**THE TASK**
The expected output is an exact copy of the lines from the one containing "ガーリーレースシャツ トップス 春夏" through the final line of the entries below, with no images.

**DATA**

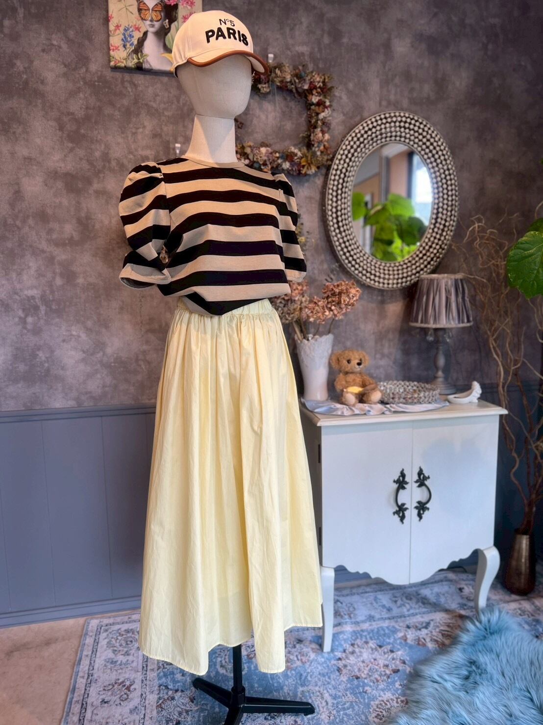 ボーダーパフスリーブトップス moca
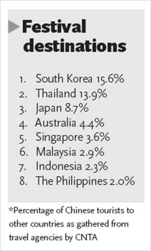 The China National Tourism Administration (CNTA) rated South Korea, Thailand and Japan as the top three destinations for Chinese tourists for the 2015 Lunar New Year holidays.
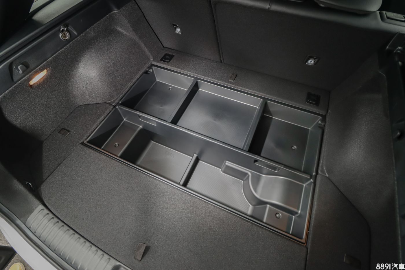 翻開底板其實頗讓人驚喜,因為下方已巧妙規劃三個防水收納盒,無論是洗車工具或是雨衣、雨傘等都能「分門別類」放好,看上去很是舒服,對於有潔癖的車主而言,也不必擔心弄髒行李廂。值得一提的是,最靠內的收納盒深度比其他的還淺,主要是48V系統的鋰電池安裝在下方的緣故。
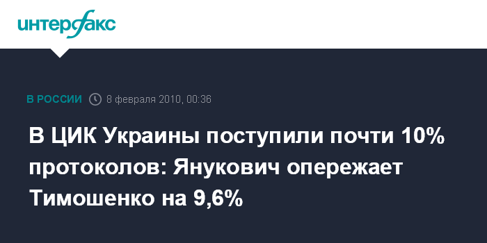 Киев. 8 февраля. INTERFAX.RU - По данным обработки 9,78% протоколов участковых избирательных комиссий, за Виктора Януковича на президентских выборах проголосовали 52,22% избирателей, за Юлию Тимошенко - 42,55%, не поддержали ни одного кандидата 4,17%.
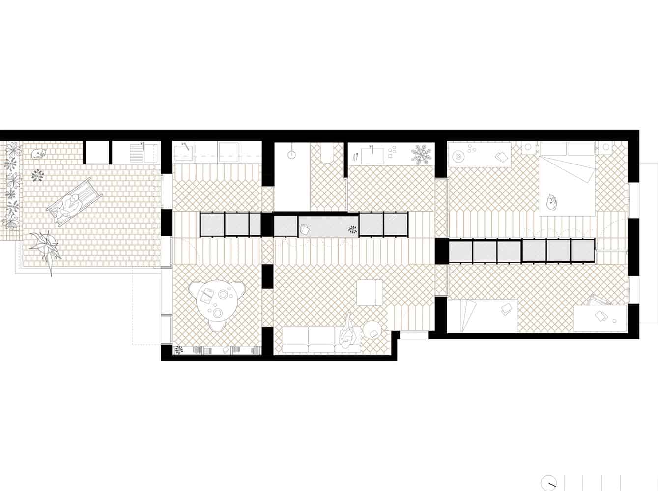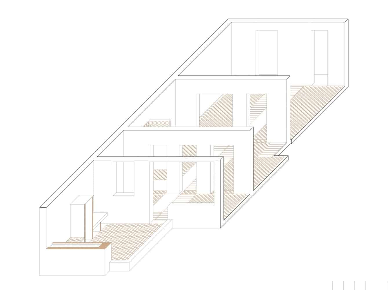 El proyecto se enfoca en una única estrategia, abrir el piso longitudinalmente. Este se concentra en un solo gesto, lograr conectar visualmente la calle y el patio interior, uniendo las fachadas opuestas y, hasta ahora, distantes.
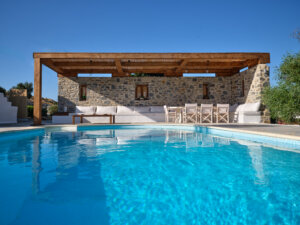 Two distinct guest houses surround the alluring pool area, epitomizing the essence of privacy. Each guest house features a bedroom with a comfortable double bed, a convenient kitchenette, and a well-appointed bathroom. Villa Estellar masterfully melds traditional charm with contemporary allure, creating a sanctuary where relaxation and luxury converge seamlessly.
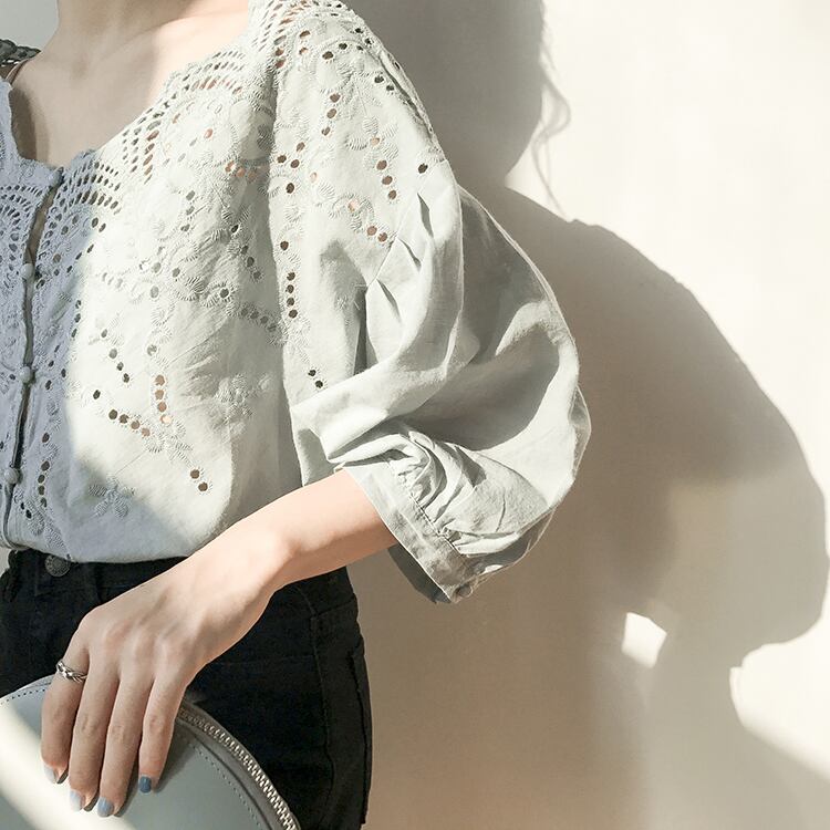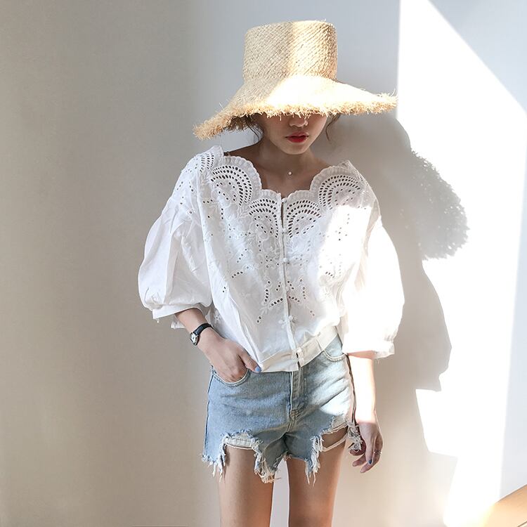ガーリーレースシャツ トップス 春夏 七分袖 ゆったり ザックリ 体型カバー 鎖骨見せ 前ボタン バルーンスリーブ ドルマンスリーブ シンプル コットン レディース お買い物 デート
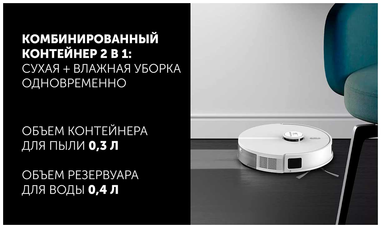 Сухая и влажная автоматическая уборка;
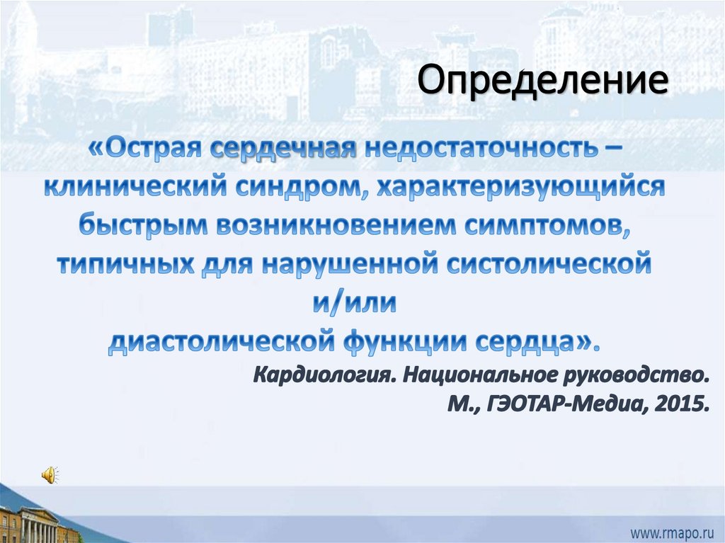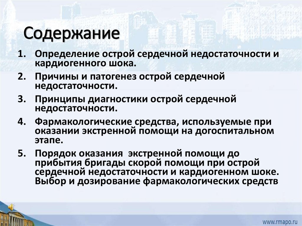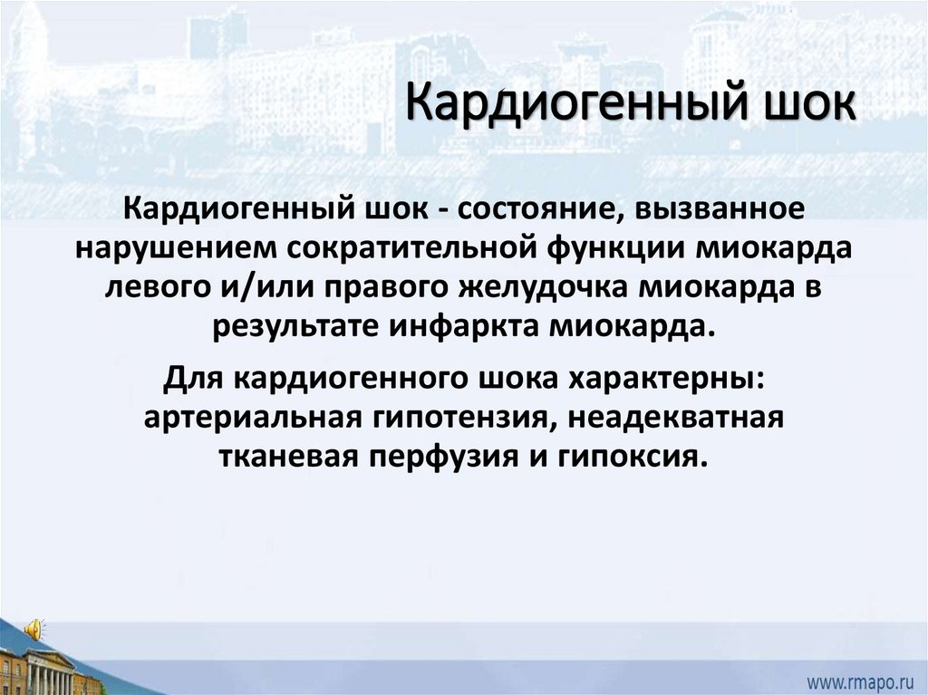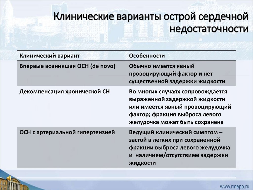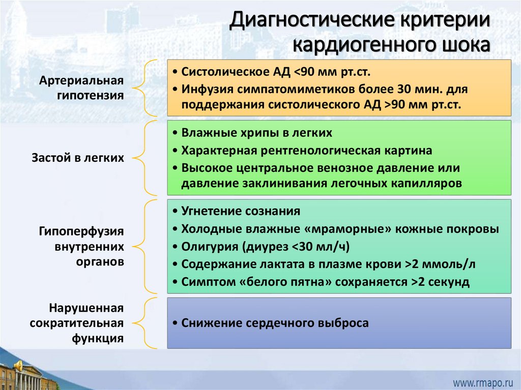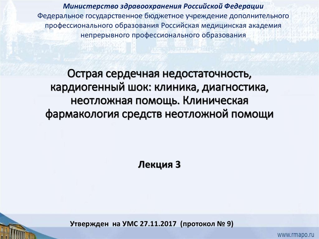 Острая сердечная недостаточность, кардиогенный шок: клиника, диагностика, неотложная помощь. Лекция 3
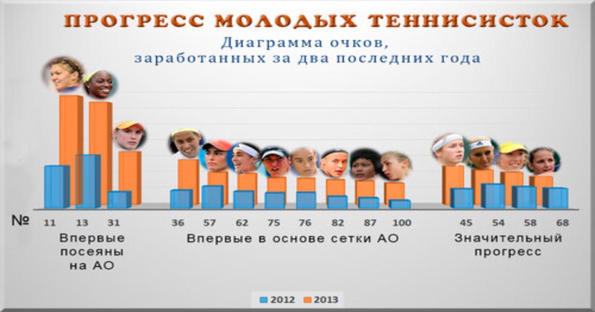 В прошлом сезоне блог «Спагетти» усердно пичкал вас молодой порослью WTA, и сейчас продолжает свое черное дело. Посмотрите на диаграмму ниже. Я отобрала 15 молодых теннисисток, заявленных в основную сетку Открытого чемпионата Австралии, которые достигли наибольшего прогресса в прошлом сезоне по очкам. Обратите внимание, что высота столбиков – это количество очков за позапрошлый и прошлый сезоны, а не рейтинг.

**SOLUTION TO THIS PROBLEM**
ガーリーレースシャツ トップス 春夏 七分袖 ゆったり ザックリ 体型カバー 鎖骨見せ 前ボタン バルーンスリーブ ドルマンスリーブ シンプル コットン レディース お買い物 デート
 Сухая и влажная автоматическая уборка;
 Острая сердечная недостаточность, кардиогенный шок: клиника, диагностика, неотложная помощь. Лекция 3
 В прошлом сезоне блог «Спагетти» усердно пичкал вас молодой порослью WTA, и сейчас продолжает свое черное дело. Посмотрите на диаграмму ниже. Я отобрала 15 молодых теннисисток, заявленных в основную сетку Открытого чемпионата Австралии, которые достигли наибольшего прогресса в прошлом сезоне по очкам. Обратите внимание, что высота столбиков – это количество очков за позапрошлый и прошлый сезоны, а не рейтинг.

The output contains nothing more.